WHAT YOU HAVE TO DO ▸ From the line holding "Taipei, 13 Feb." through the line holding "Eisgebilde um einen tropfenden Wasserhahn" below, write out every line exactly; include both of those lines and drop the pictures.

TASK INPUTS ▸
┄┄┄┄┄┄
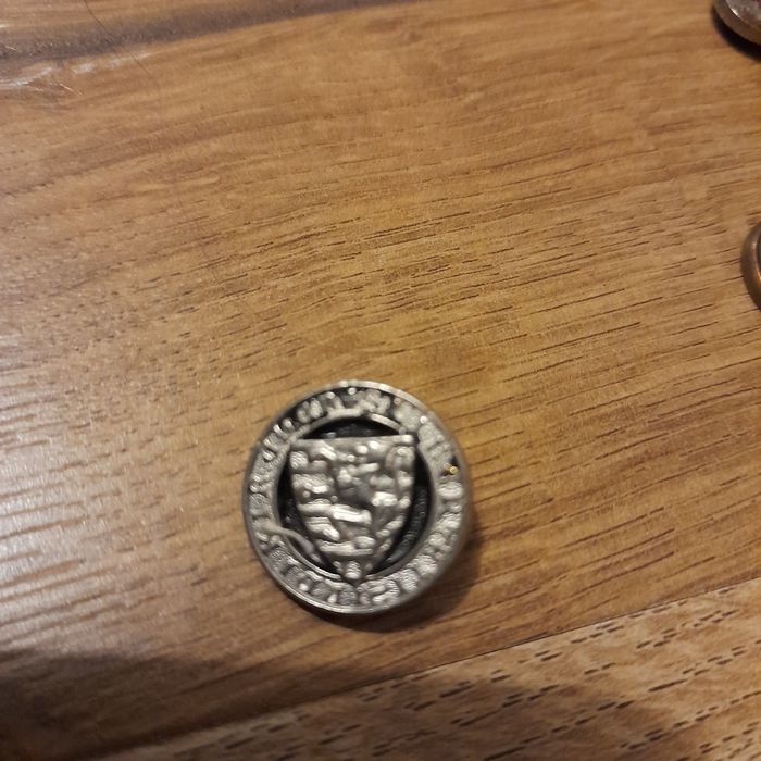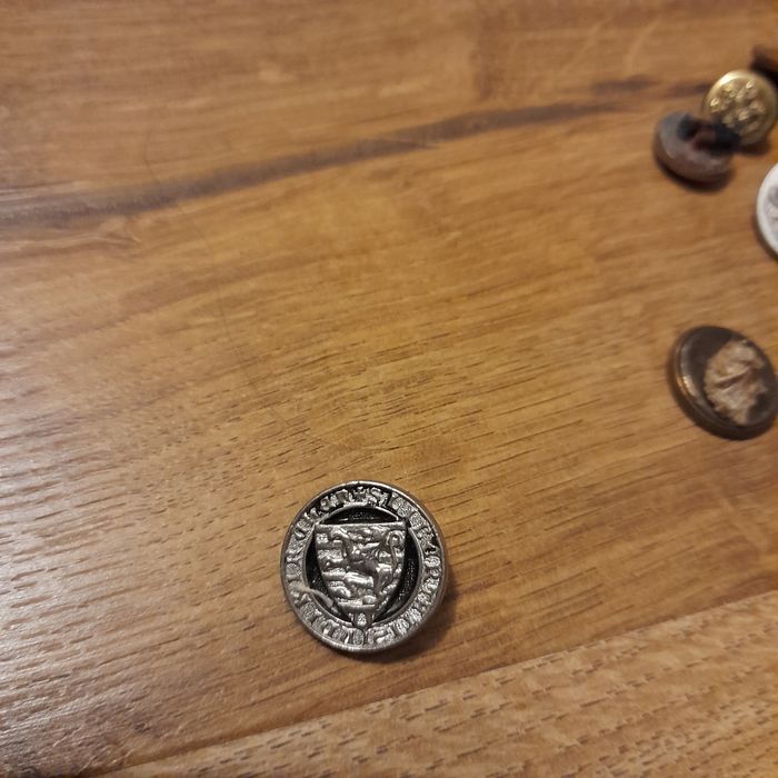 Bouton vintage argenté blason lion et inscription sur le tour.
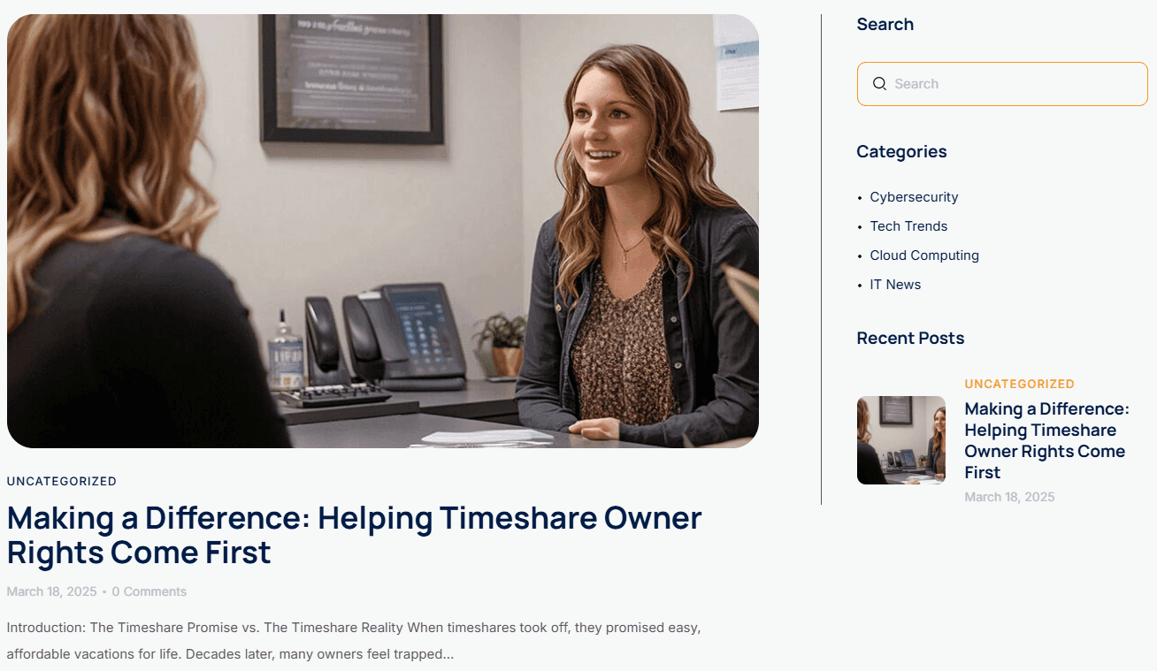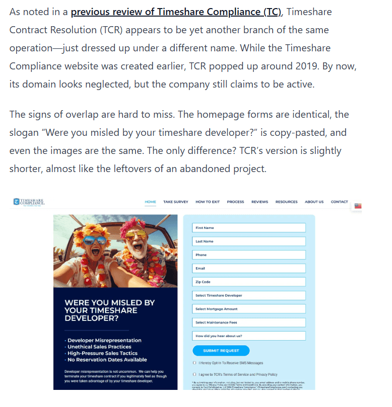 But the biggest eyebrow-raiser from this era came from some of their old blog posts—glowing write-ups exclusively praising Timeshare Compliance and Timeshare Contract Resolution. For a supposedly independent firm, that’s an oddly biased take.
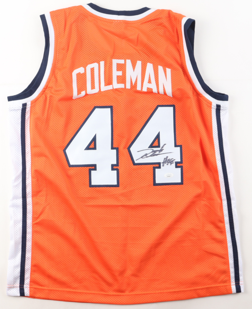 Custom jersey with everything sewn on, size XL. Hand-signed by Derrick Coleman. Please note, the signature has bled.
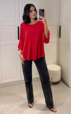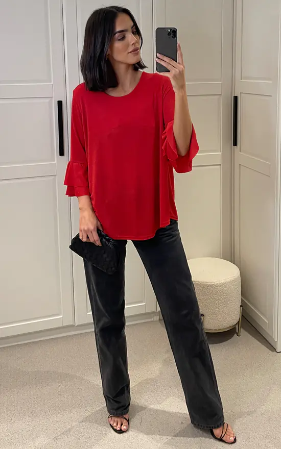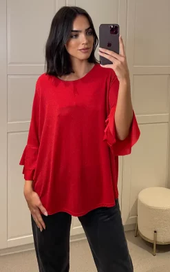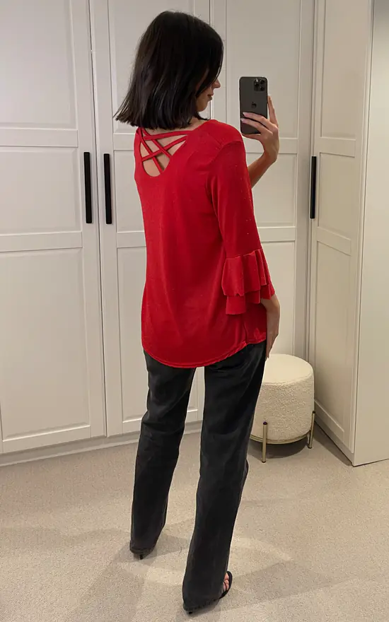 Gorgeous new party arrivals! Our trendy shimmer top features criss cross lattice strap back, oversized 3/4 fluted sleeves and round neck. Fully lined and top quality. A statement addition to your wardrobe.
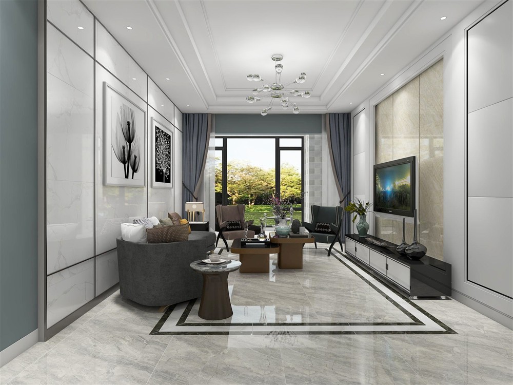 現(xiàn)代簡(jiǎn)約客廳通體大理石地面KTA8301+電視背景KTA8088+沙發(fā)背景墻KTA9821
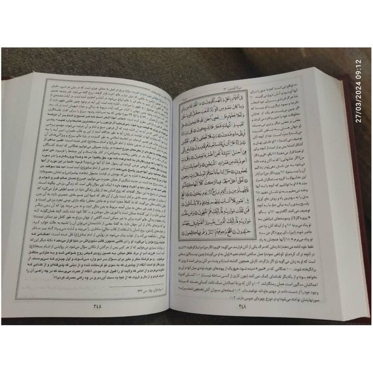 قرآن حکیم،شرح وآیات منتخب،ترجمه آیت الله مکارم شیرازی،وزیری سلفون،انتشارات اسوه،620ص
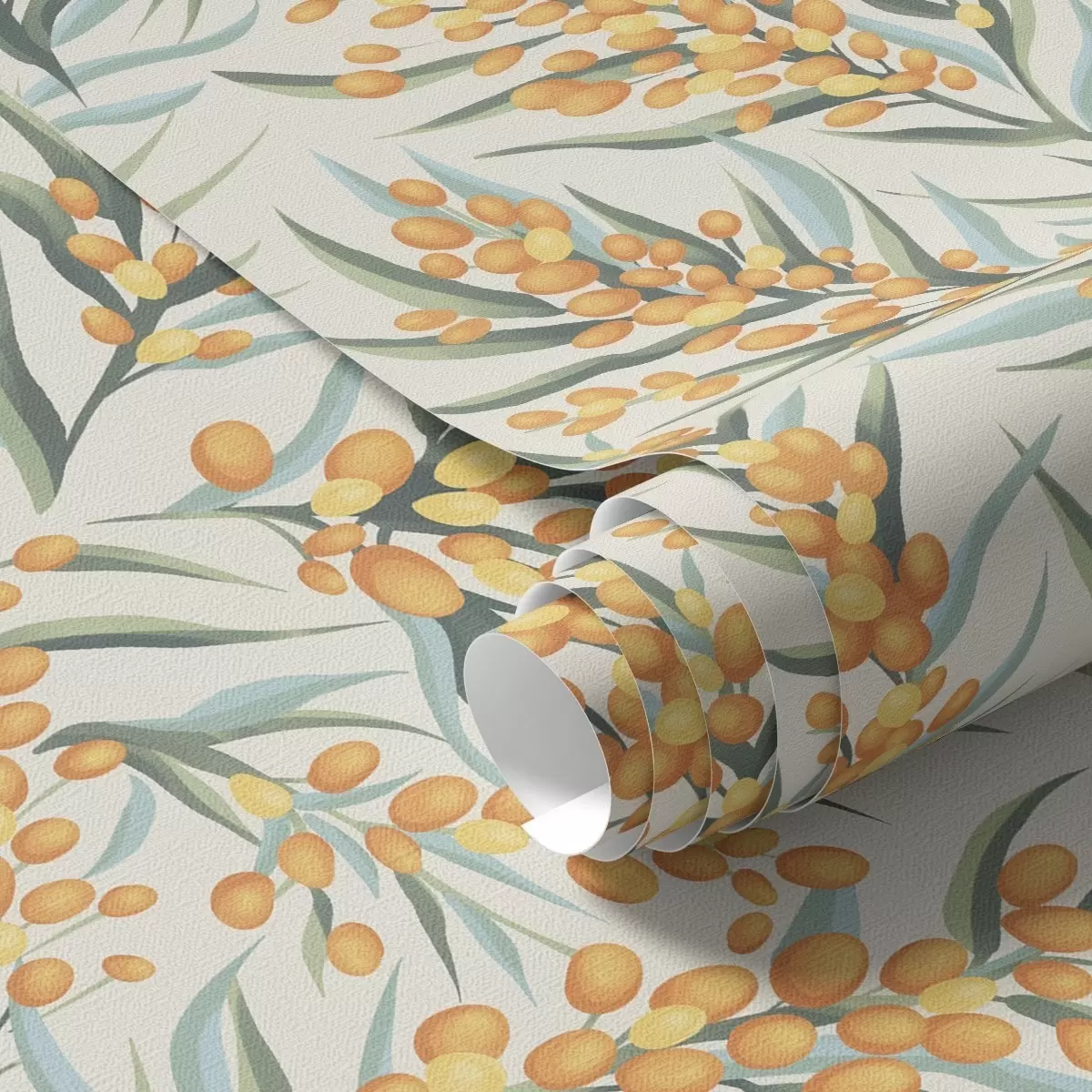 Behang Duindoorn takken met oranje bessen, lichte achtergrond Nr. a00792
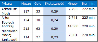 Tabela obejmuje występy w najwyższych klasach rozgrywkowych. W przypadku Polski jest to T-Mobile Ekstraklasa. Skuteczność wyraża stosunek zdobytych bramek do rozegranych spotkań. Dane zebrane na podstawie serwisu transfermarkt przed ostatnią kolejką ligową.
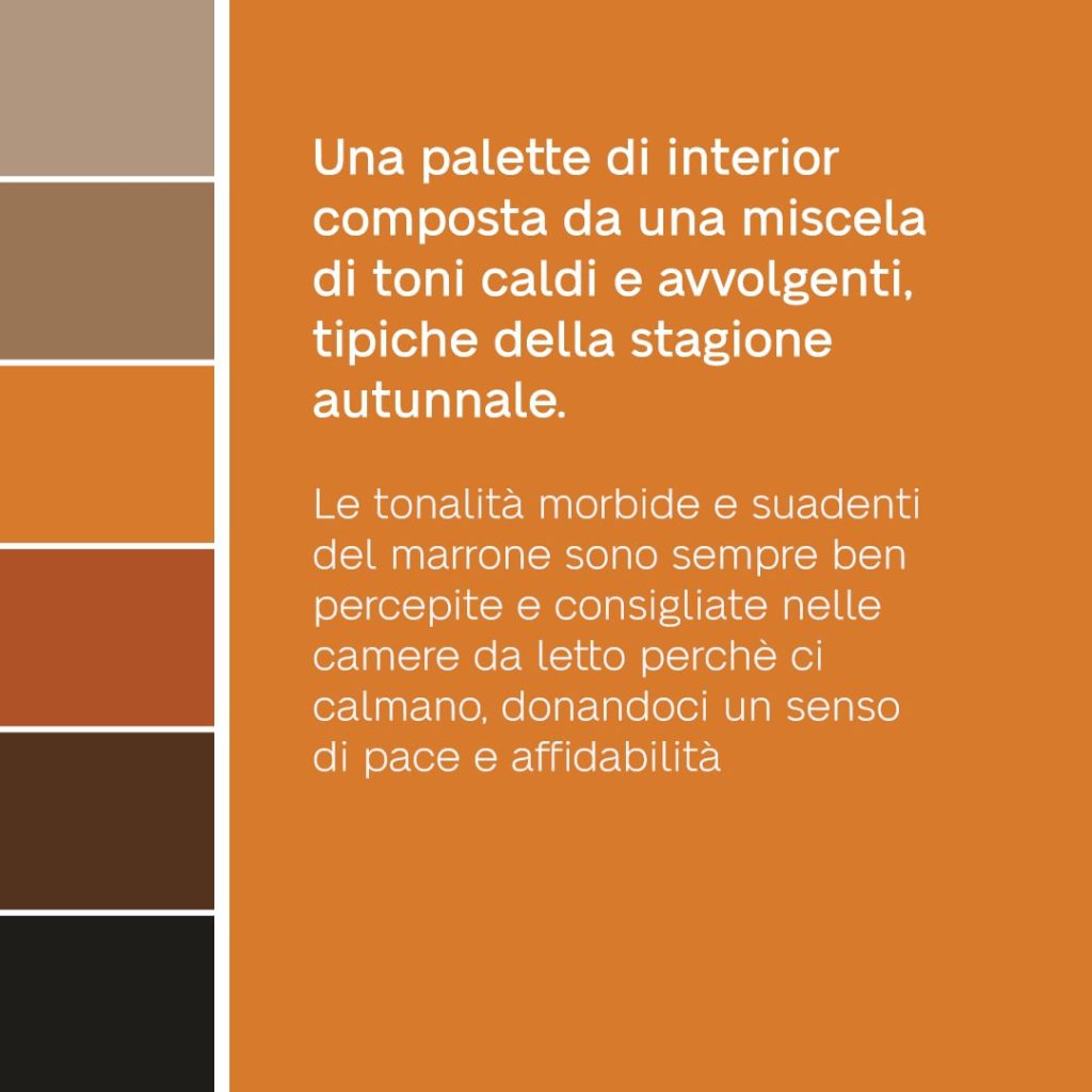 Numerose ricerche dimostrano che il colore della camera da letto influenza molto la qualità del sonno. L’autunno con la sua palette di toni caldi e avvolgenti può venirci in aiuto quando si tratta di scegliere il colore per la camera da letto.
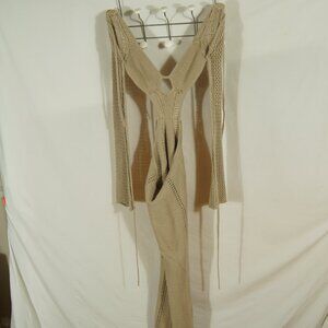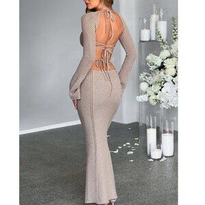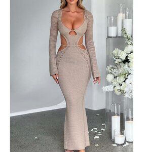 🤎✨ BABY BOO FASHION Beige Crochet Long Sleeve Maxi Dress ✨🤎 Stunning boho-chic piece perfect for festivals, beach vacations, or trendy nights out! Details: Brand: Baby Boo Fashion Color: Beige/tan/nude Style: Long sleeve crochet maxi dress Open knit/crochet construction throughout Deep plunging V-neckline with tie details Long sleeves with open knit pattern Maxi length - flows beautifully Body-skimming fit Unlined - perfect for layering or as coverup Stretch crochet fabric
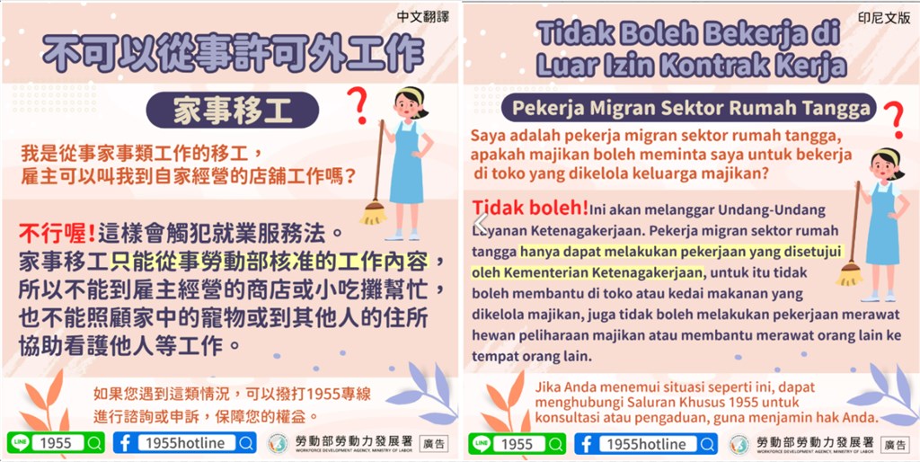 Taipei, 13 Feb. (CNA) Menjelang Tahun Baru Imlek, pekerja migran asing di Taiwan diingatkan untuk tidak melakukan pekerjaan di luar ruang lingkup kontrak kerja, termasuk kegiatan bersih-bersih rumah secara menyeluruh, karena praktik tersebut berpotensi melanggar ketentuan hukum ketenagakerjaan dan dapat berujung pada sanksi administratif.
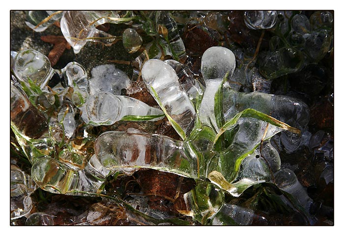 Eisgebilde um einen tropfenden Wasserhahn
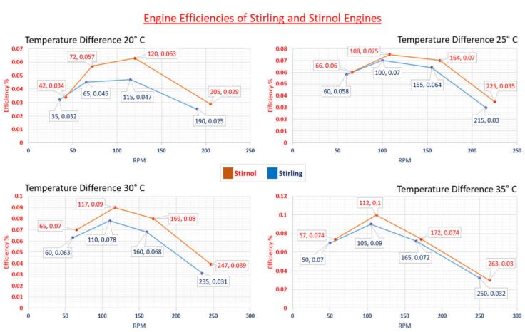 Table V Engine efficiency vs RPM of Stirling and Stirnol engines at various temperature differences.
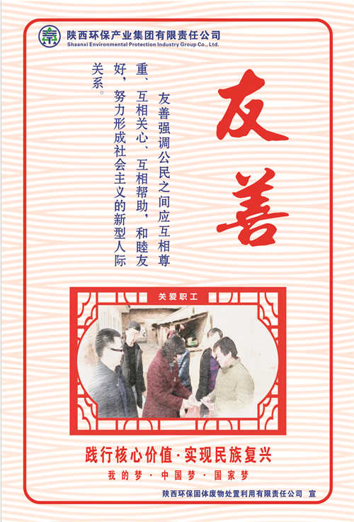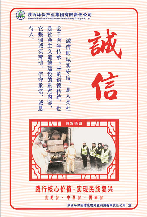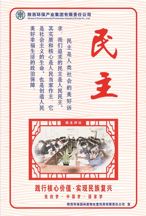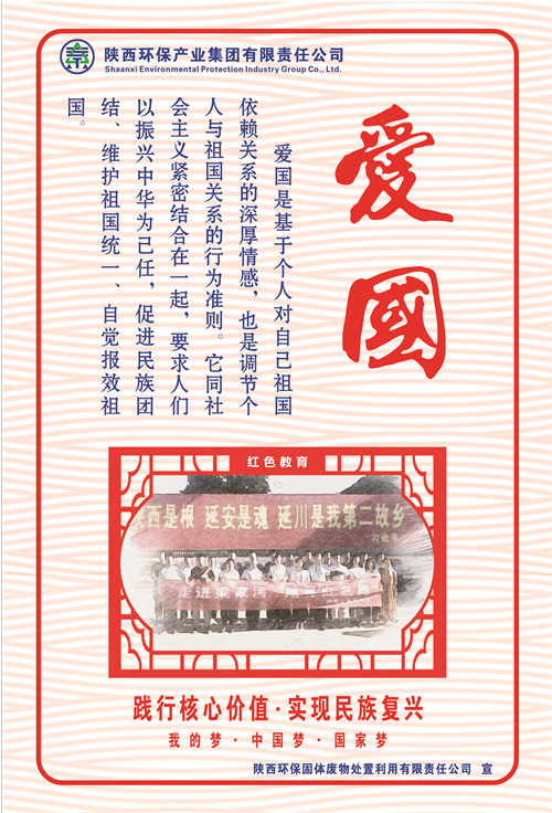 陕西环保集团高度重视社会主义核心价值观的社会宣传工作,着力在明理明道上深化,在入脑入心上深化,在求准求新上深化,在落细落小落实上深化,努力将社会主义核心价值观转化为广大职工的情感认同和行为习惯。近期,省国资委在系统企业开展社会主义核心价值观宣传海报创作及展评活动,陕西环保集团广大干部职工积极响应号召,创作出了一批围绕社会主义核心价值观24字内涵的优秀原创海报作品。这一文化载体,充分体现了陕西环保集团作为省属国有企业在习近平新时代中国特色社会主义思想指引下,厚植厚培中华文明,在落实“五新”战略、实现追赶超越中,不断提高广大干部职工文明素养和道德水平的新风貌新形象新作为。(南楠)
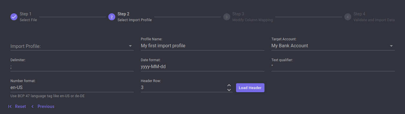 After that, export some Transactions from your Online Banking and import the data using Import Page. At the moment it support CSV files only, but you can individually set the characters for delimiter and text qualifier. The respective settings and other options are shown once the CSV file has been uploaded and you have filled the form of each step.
┄┄┄┄┄┄
RESULT FOR THIS EXERCISE ▸
 Taipei, 13 Feb. (CNA) Menjelang Tahun Baru Imlek, pekerja migran asing di Taiwan diingatkan untuk tidak melakukan pekerjaan di luar ruang lingkup kontrak kerja, termasuk kegiatan bersih-bersih rumah secara menyeluruh, karena praktik tersebut berpotensi melanggar ketentuan hukum ketenagakerjaan dan dapat berujung pada sanksi administratif.
 Eisgebilde um einen tropfenden Wasserhahn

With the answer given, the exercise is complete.